» What to produce
Reproduce exactly, and only, the lines of the material below running from the line bearing "PAIR GAS LIFT" through the line bearing "Nora Single Sofa". Leave any pictures out.

» Available records
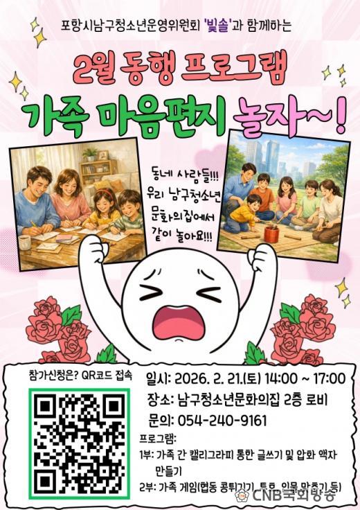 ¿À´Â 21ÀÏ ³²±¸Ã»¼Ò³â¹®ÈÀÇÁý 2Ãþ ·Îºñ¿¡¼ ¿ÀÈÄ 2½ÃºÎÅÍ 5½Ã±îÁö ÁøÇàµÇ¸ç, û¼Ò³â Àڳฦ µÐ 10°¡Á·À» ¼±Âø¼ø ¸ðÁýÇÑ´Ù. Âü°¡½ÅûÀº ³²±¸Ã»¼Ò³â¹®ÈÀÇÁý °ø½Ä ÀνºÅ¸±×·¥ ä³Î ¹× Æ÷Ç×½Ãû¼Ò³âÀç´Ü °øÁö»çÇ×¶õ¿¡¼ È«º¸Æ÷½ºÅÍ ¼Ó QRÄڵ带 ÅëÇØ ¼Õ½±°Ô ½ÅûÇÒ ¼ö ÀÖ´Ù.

* * *

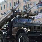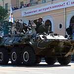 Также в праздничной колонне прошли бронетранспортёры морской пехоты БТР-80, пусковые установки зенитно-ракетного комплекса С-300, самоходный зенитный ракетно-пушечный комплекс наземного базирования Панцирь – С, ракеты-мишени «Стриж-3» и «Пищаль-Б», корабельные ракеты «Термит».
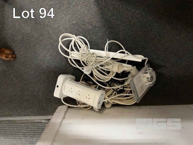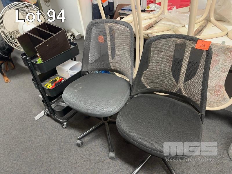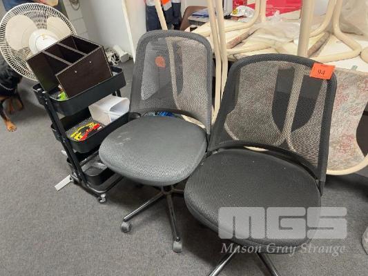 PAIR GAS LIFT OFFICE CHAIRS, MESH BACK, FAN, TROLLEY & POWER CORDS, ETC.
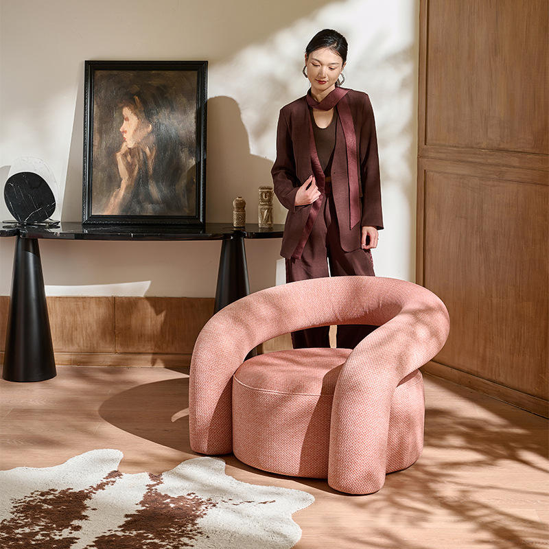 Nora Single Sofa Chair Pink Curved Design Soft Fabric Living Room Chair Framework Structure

» Your solution
 PAIR GAS LIFT OFFICE CHAIRS, MESH BACK, FAN, TROLLEY & POWER CORDS, ETC.
 Nora Single Sofa Chair Pink Curved Design Soft Fabric Living Room Chair Framework Structure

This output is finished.